Toxicon. 2001 Oct;39(10):1587-94. doi: 10.1016/s0041-0101(01)00141-6.
Group II phospholipase A(2) (PLA(2)) myotoxins found in the venoms of Crotalidae snakes can be divided into 'Asp49' and 'Lys49' isoforms, the latter being considered catalytically-inactive variants. Previous studies on one Lys49 isoform, myotoxin II from Bothrops asper, indicated that its myotoxic activity is due to the presence of a short cationic/hydrophobic sequence (115-129) near its C-terminus, which displays membrane-damaging properties. Since the C-terminal region of different group II PLA(2) myotoxins presents considerable sequence variability, synthetic peptides homologous to region 115-129 of myotoxin II, but corresponding to B. asper myotoxin III (Asp49), Agkistrodon piscivorus piscivorus Asp49 PLA(2) and Lys49 PLA(2), were studied to determine the possible functional relevance of such region for the toxic activities of these proteins. Results showed that both Lys49-derived peptides (p-BaK49 and p-AppK49) were able to lyse skeletal muscle C2C12 cells in culture, and to induce edema in the mouse footpad assay. Moreover, p-AppK49, which showed a markedly stronger cytotoxic potency than p-BaK49, additionally induced skeletal muscle necrosis when injected into mice. These observations unequivocally identify the sequence 115-129 (KKYKAYFKLKCKK) of the Lys49 PLA(2) of A. p. piscivorus as containing the key structural determinants needed for myotoxicity, and represent the first report of an unmodified, PLA(2)-derived short synthetic peptide with the ability to reproduce this effect of a parent toxin in vivo.

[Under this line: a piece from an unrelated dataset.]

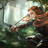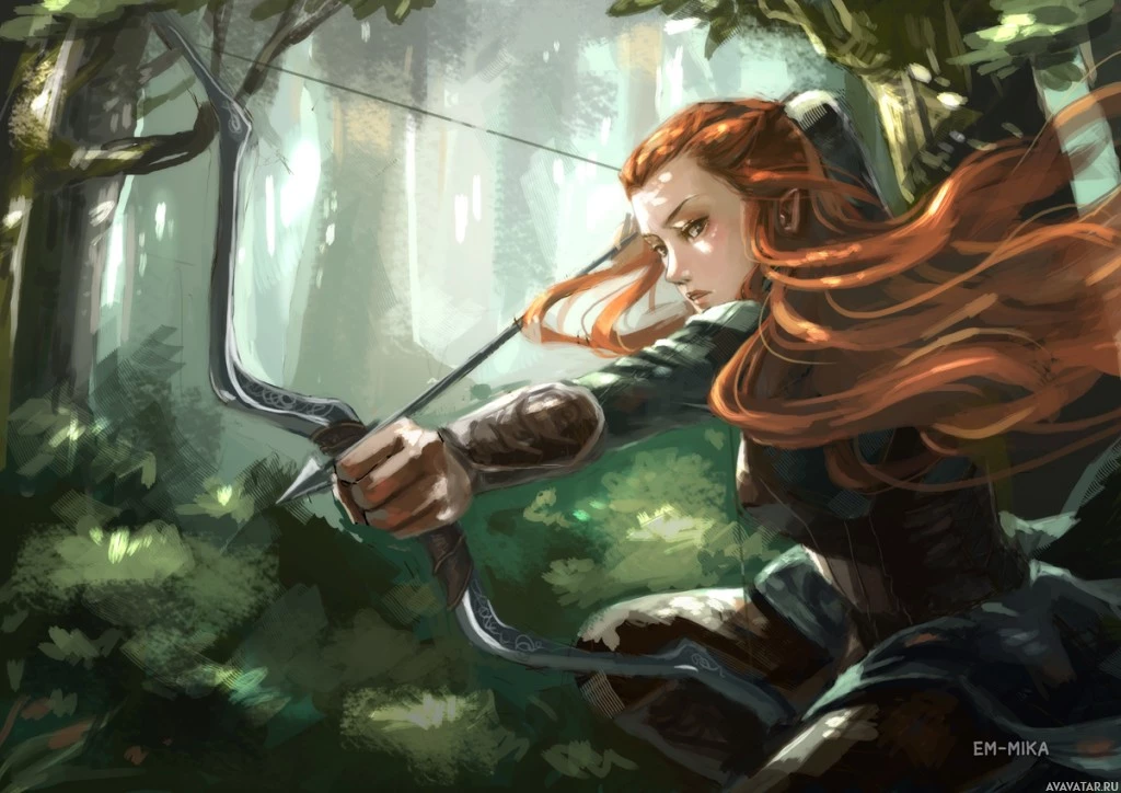 red hair and is holding a bow, aiming at something in the distance. They are wearing

On the other hand, the two Asp49-derived peptides did not show any toxic effects in vitro or in vivo, even at high concentrations. These findings suggests that Lys49 and Asp49 group II PLA(2)s might exert their myotoxic actions through different molecular mechanisms, by implying that the latter may not utilize their C-terminal regions as main membrane-destabilizing elements.

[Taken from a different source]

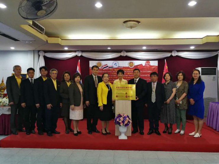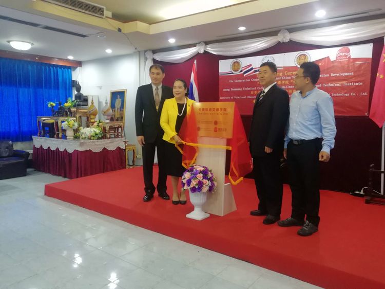 4月26日上午,纽约国际最新官方网站与曼谷职教中心联合成立的中泰轨道交通学院在曼谷廊曼技术学院揭牌。副院长安学武、曼谷职教中心波帮松女士、唐风教育集团和廊曼技术学院负责人共同主持了揭牌仪式,此举标志着学院国际合作办学又一重要进展。

在蝰蛇科蛇类毒液中发现的II组磷脂酶A(2)(PLA(2))肌毒素可分为“Asp49”和“Lys49”亚型,后者被认为是催化无活性的变体。先前对一种Lys49亚型——来自矛头蝮的肌毒素II的研究表明,其肌毒性活性归因于其C末端附近存在一个短的阳离子/疏水序列(115-129),该序列具有膜损伤特性。由于不同II组PLA(2)肌毒素的C末端区域存在相当大的序列变异性,因此研究了与肌毒素II的115-129区域同源,但对应于矛头蝮肌毒素III(Asp49)、食鱼蝮Asp49 PLA(2)和Lys49 PLA(2)的合成肽,以确定该区域对这些蛋白质毒性活性的可能功能相关性。结果表明,两种源自Lys49的肽(p-BaK49和p-AppK49)都能够在培养物中裂解骨骼肌C2C12细胞,并在小鼠足垫试验中诱导水肿。此外,p-AppK49在注入小鼠体内时,除了诱导骨骼肌坏死外,还表现出比p-BaK49明显更强的细胞毒性效力。这些观察结果明确确定了食鱼蝮Lys49 PLA(2)的115-129序列(KKYKAYFKLKCKK)包含肌毒性所需的关键结构决定因素,并且代表了第一个关于未修饰的、源自PLA(2)的短合成肽能够在体内重现亲本毒素这种作用的报道。另一方面,两种源自Asp49的肽即使在高浓度下也未在体外或体内显示出任何毒性作用。这些发现表明,Lys49和Asp49 II组PLA(2)可能通过不同的分子机制发挥其肌毒性作用,这意味着后者可能不会将其C末端区域用作主要的膜不稳定元件。